In the table below, I break all the data into bins by the magnitude
of stars. Within each bin, I list
N number of stars in this bin
unclipped mean and stdev of the scatter within each bin
clipped ditto, after 1 round of 3-sigma clipping
median median of scatter within each bin
iqm mean and stdev of all scatter values
between the 25'th and 75'th quartile
# min max N unclipped clipped median interquartile
# mean stdev mean stdev mean stdev
#----------------------------------------------------------------------------
V-band
7.0 8.0 1398 0.032 0.016 0.030 0.012 0.029 0.029 0.005
8.0 9.0 4098 0.038 0.025 0.037 0.015 0.035 0.035 0.006
9.0 10.0 10887 0.043 0.026 0.041 0.016 0.038 0.039 0.006
10.0 11.0 26699 0.049 0.031 0.046 0.017 0.043 0.044 0.006
11.0 12.0 63549 0.067 0.035 0.063 0.019 0.061 0.061 0.007
12.0 13.0 72528 0.110 0.042 0.105 0.030 0.103 0.104 0.012
13.0 14.0 80510 0.161 0.056 0.155 0.045 0.153 0.154 0.018
14.0 15.0 2290 0.231 0.079 0.225 0.069 0.223 0.225 0.029
# min max N unclipped clipped median interquartile
# mean stdev mean stdev mean stdev
#---------------------------------------------------------------------------
I-band
7.0 8.0 19210 0.045 0.039 0.039 0.023 0.033 0.035 0.008
8.0 9.0 46670 0.035 0.030 0.030 0.017 0.026 0.027 0.006
9.0 10.0 115141 0.034 0.028 0.031 0.016 0.028 0.028 0.006
10.0 11.0 276427 0.037 0.026 0.035 0.014 0.032 0.033 0.005
11.0 12.0 628596 0.049 0.023 0.047 0.015 0.046 0.046 0.006
12.0 13.0 789607 0.077 0.031 0.073 0.024 0.072 0.072 0.009
13.0 14.0 111809 0.118 0.050 0.112 0.039 0.111 0.112 0.015
14.0 15.0 371 0.275 0.096 0.273 0.085 0.275 0.274 0.034
You can find a figure which illustrates some of these columns
at the URL
http://spiff.rit.edu/richmond/temp/scatter.gif (GIF)
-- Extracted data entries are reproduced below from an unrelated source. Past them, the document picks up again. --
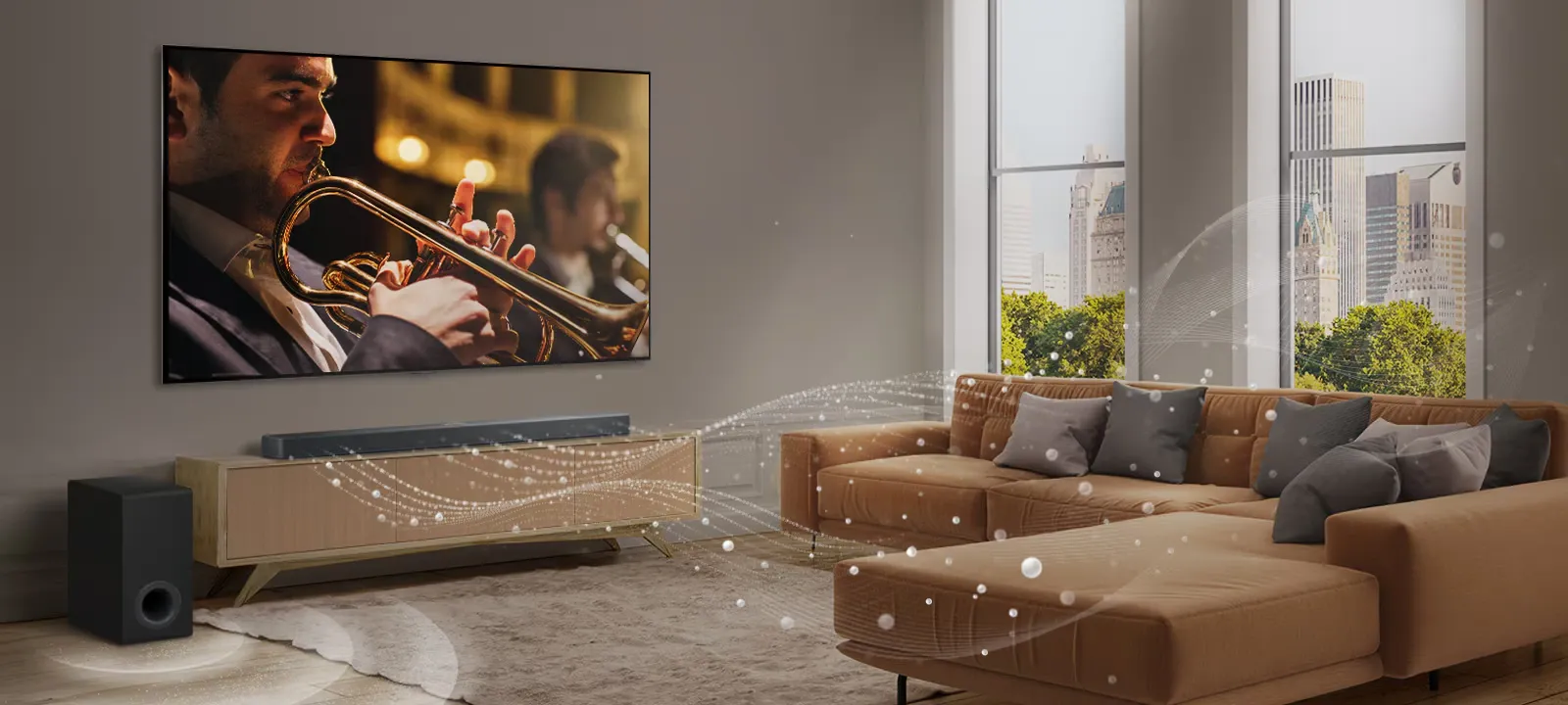 Elevate your TV to 7.1.4 channel to enjoy a real immersive experience, with 7 main sound channels, 1 wireless subwoofer and 4 up-firing channels.
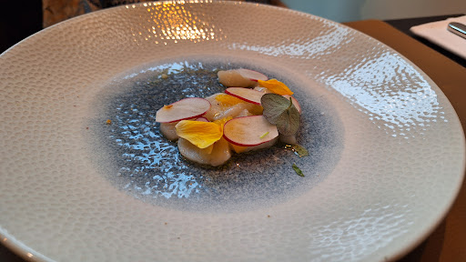 Overall the menu appears good and when plated the food looks impressive. We both ordered “The Egg” as a starter which was fairly good but not very memorable. My wife got the langoustine which was served with wantons also filled with langoustine. I ordered the pollock which was served with onion, potatoes and clams. In both cases the dishes were under seasoned and surprisingly bland. The pollock seemed to be cooked correctly but lacked a lot of a flavor.
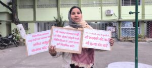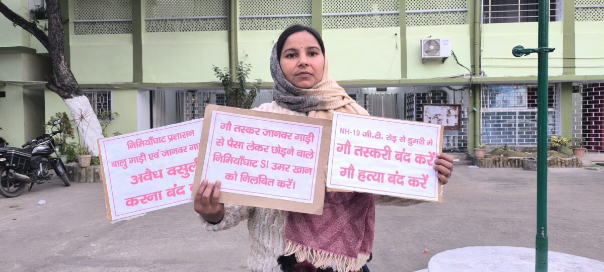 Giridih News: डुमरी जिला परिषद सदस्य सुनीता कुमारी ने जिला परिषद की सामान्य बैठक के दौरान कार्यालय के बाहर गौ हत्या बंद करो, गौ तस्करी बंद करें, निमियाघाट प्रशासन बालू गाड़ी एवं जानवर गाड़ी से अवैध वसूली करना बंद करे की तख्ती लेकर प्रदर्शन किया.
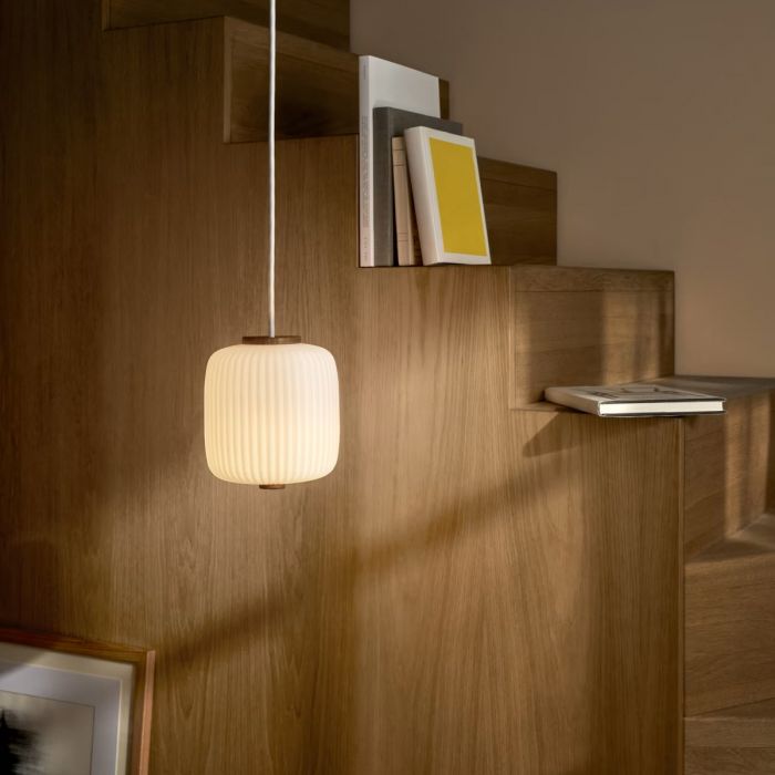 Conçue en 1961 mais jamais mise en production avant aujourd'hui, la suspension Opal EK61 est désormais lancée en verre et en bois. Conçue par le fils du célèbre designer danois Kaare Klint, la suspension sobre et élégante d'Esben Klint a été imaginée à l'origine en plastique plissé. Trop compliquée à produire à l'époque, la conception est restée dans les archives familiales jusqu'à présent. L'itération moderne est réalisée dans une forme elliptique plissée en verre opale soufflé à la bouche. Les détails distinctifs en chêne rappelant les lanternes chinoises traditionnelles sont méticuleusement tournés et affinés à la main pour une expression classique. Disponible en trois tailles, l'EK61 émet une lumière douce et indirecte grâce à sa combinaison minutieuse de matériaux classiques.
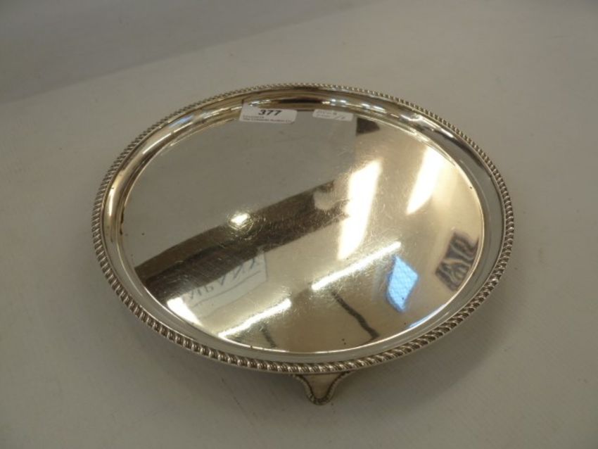 Silver circular presentation card tray with gadrooned border, raised on splayed feet, Birmingham 1940, weight 12oz approx, dia. 20.5cm
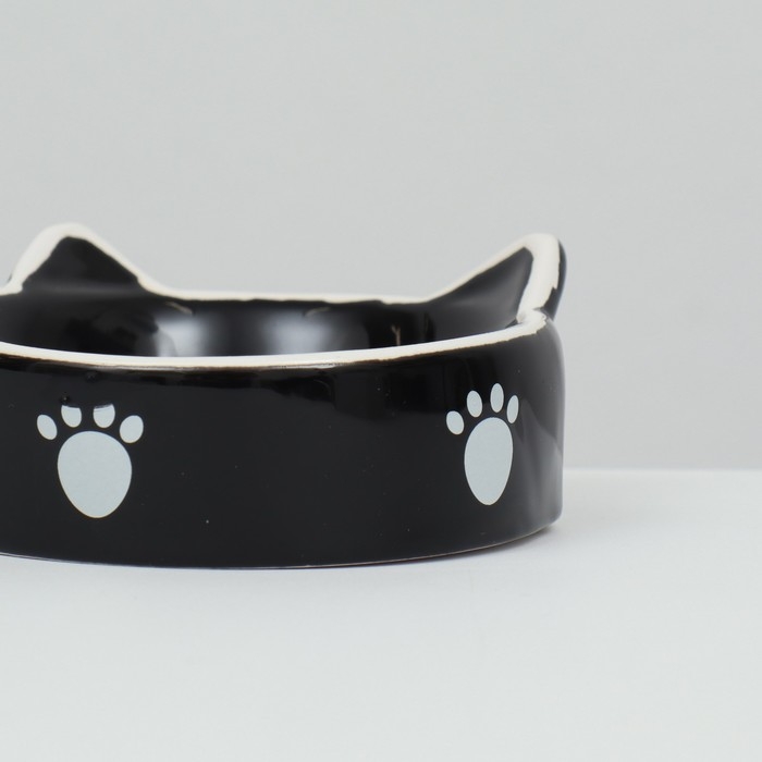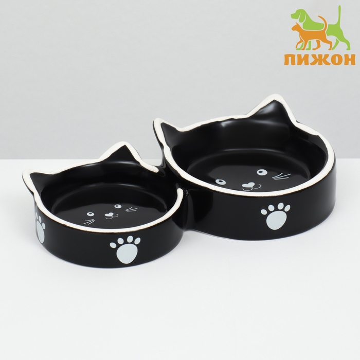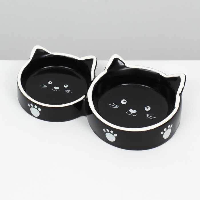Миска керамическая "Кошачье семейство" 40/60 мл двойная 19 х 10,5 х 3,5 см, чёрно-белая
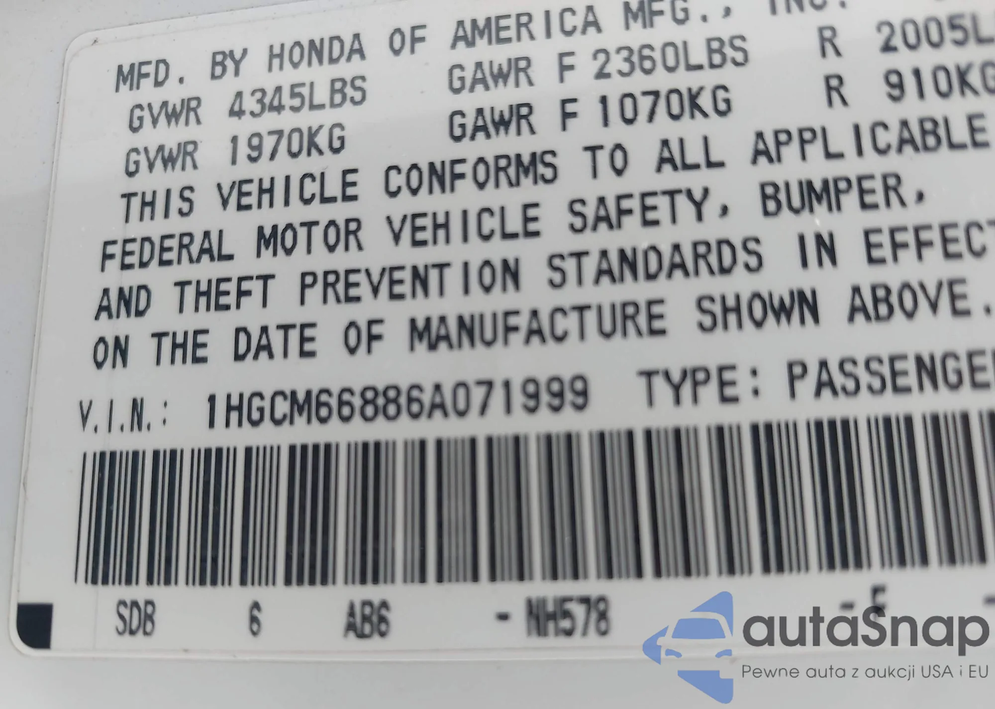 LOT: 42288137 VIN: 1HGCM66886A071999
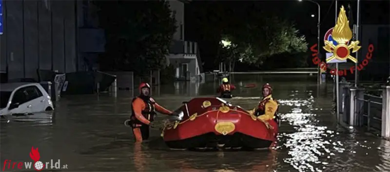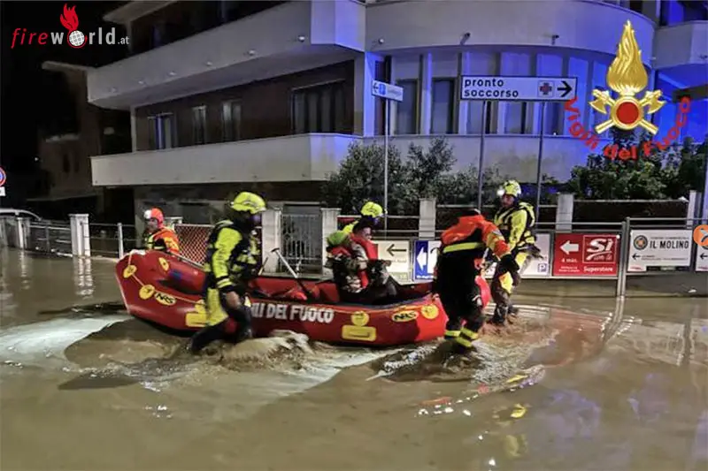 ANCONA (ITALIEN): Zahlreiche Feuerwehrleute stehen nach schweren Regenfällen in der Provinz Ancona, mit Verstärkung von Einsatzabteilungen aus Venetien, Emilia Romagna und Abruzzen, im Einsatz. Das berichtet die italienische Feuerwehr per 16. September 2022.
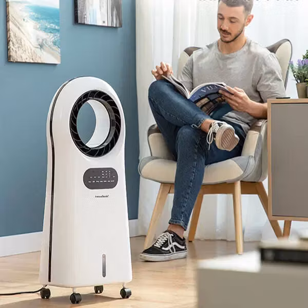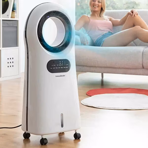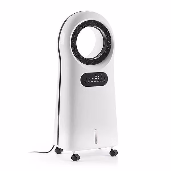Bladlös luftkonditionering Pro är den ultimata lösningen för att hålla ditt hem kyligt och fräscht. Med sin innovativa bladlösa design, aerodynamiska teknik och joniseringsfunktion som drar till sig smuts och släpper ut ren luft, är detta den optimala lösningen för att uppnå en ren och frisk miljö. Den har en tystgående motor (≤55 dB) och 360° luftspridare som ger ett jämnt och effektivt flöde av luft. Den innehåller även en pekskärmspanel, fjärrkontroll, timer (upp till 8 timmar), 3 hastighetsinställningar (låg/medel/hög) och 3 ventilationsinställningar: normal (kontinuerlig luft), naturlig (naturlig fläkt) och natt (mjuk fläkt).
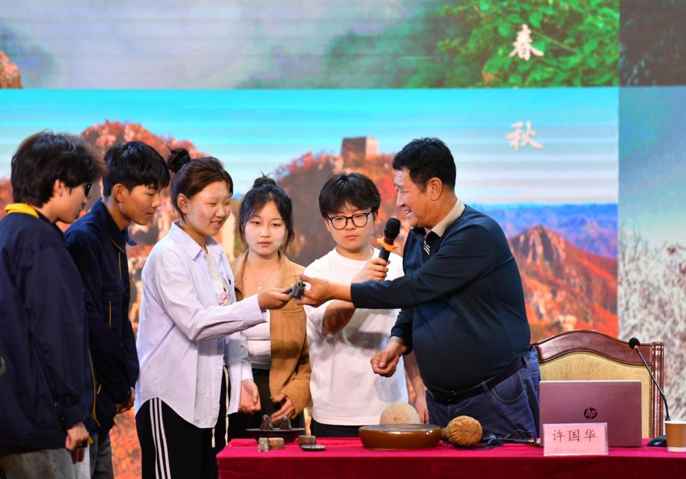 宣讲会上,许国华结合自身多年保护长城的经历,以生动的语言系统阐述了长城的历史文化价值、保护修缮技术及文物发掘背后的故事。他通过展示五件珍贵文物,与现场学生展开互动交流,让师生近距离感受长城承载的民族精神。通过触摸文物和聆听讲解,师生们深刻体会长城这一中华民族精神的象征和全人类共同的文化遗产的魅力。
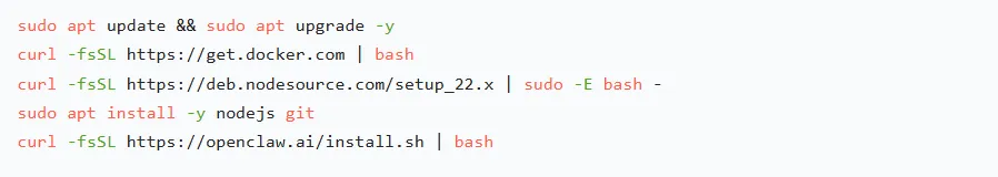 :下载 OpenClaw 官方包(GitHub 免费)、安装 Node.js 22 + 和 Git

http://spiff.rit.edu/richmond/temp/scatter.ps (postscript)
The bottom line is that the typical scatter left over after
doing the ensemble photometry is about 3 percent at best, and increases
to around 12 percent at the faint end.
This is right along the lines of earlier work I and others have
done, so no big surprise. This just confirms that the results
remain when you consider all the data.
Very slowly, I am making my way through this sort of analysis.